The idea behind the mustard experiment is to see whether mustard plants, which require no irrigation or other tending, can be grown and harvested without interfering with the commercial crops, and to see if it makes dollars and sense to produce biodiesel this way.

Sowing Wild Mustard
If so, the partners hope to persuade farmers to let them grow mustard plants on their land during unproductive periods, – which would save the farmers the cost of tending to other cover crops.

To that end, two varieties of the mustard that grows wild throughout the region have been planted on 30 acres donated by San Bernabe Vineyards.

Energy Alternative Solutions, which presently makes biodiesel from recycled cooking oil, will crush the seeds, extract the oil and make B20 (a blend of 20 percent biodiesel and 80 percent mineral diesel) from it.  Because of warranty issues, few transit buses in the U.S. run on blends that contain any more than 20 percent biodiesel. 

Fuel For Buses
Monterey-Salinas Transit, which initiated the experiment with the help of Robert Van Buskirk of Farm Fuel Inc., will then use the fuel to power its buses.

The beauty of this endeavor, says Energy Alternatives President Richard Gillis, is that mustard plants, because they'd be growen only in the unproductive periods, would not displace or otherwise reduce the production of food crops.
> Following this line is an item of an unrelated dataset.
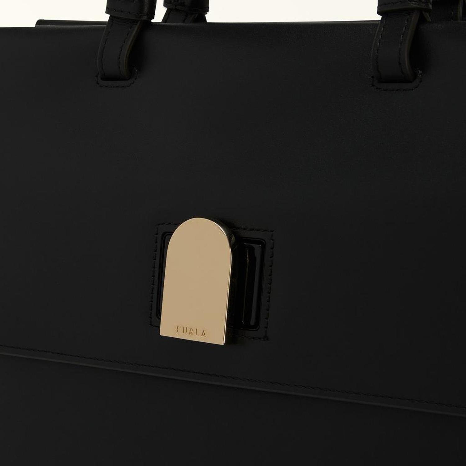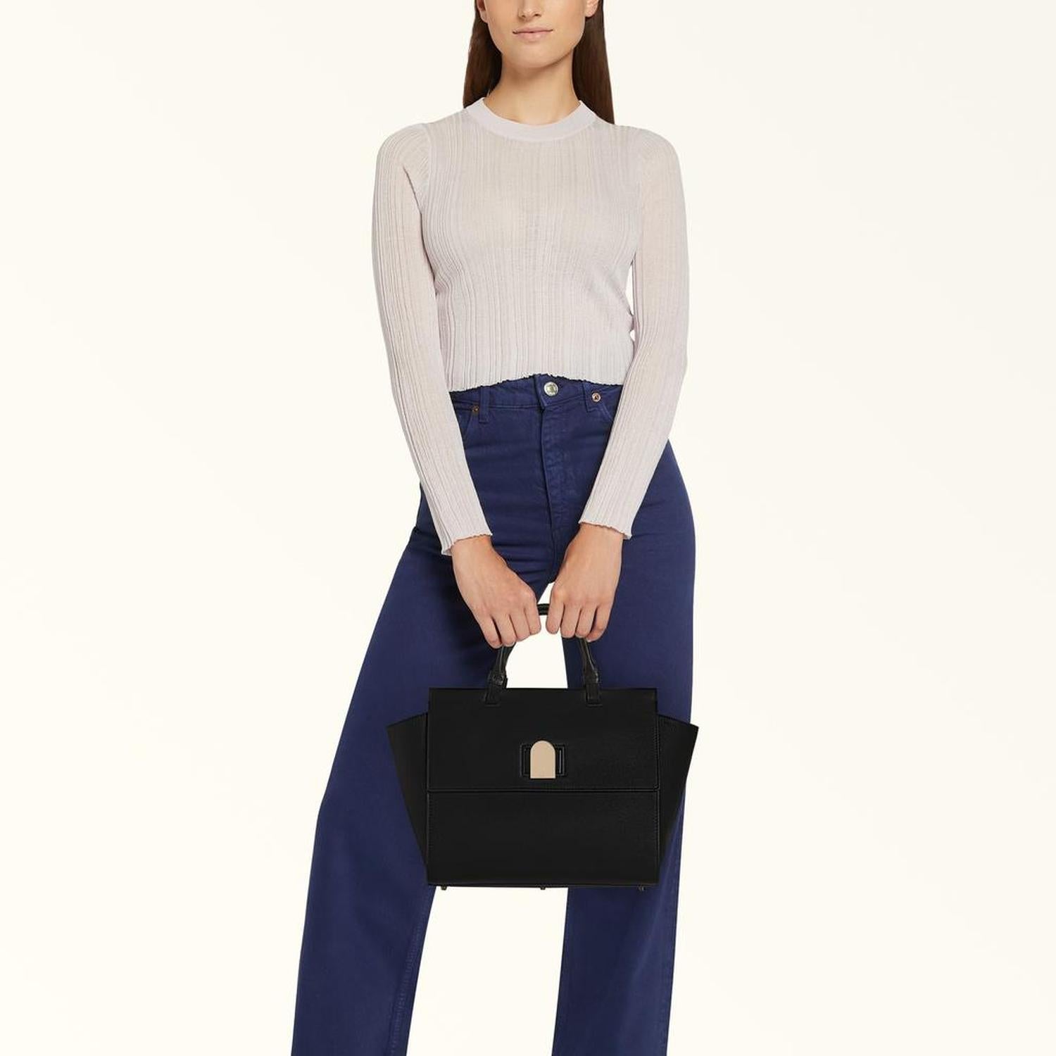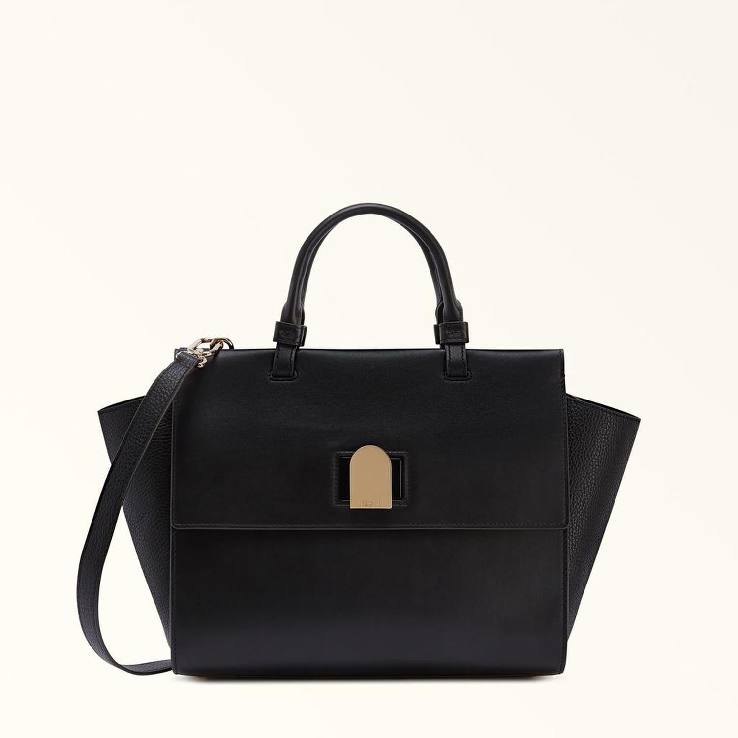 • Furla Emma is a shopping bag made in a combination of soft Roma calfskin and grained leather. The compact bag stands out for its twist closure with the Arch logo and the zip on the top. An elegant bag to carry by hand or across the body.

Also, mustard plants don't harm the environment, unlike, say, biodiesel made from palm oil, which is contributing to rainforest destruction.

The production of biodiesel from mustard plants is also fully sustainable -- the spicy mustard meal created as a byproduct after the oil is extracted could be used as a biopesticide and fertilizer for crops, including those grown by the many organic farming operations in Monterey County.

Keeping it Local
Unlike other biofuel feedstocks that are often trucked across state lines to be refined, everything involved with the mustanrd experiment -- from harvest to refinement to use -- would be contained in one county.

"We're trying to be our own little biosphere here," said Hunter Harvath, director of administration for the transit authority. "We want to keep all the ingredients -- the inputs, the outputs -- all here in Monterey County."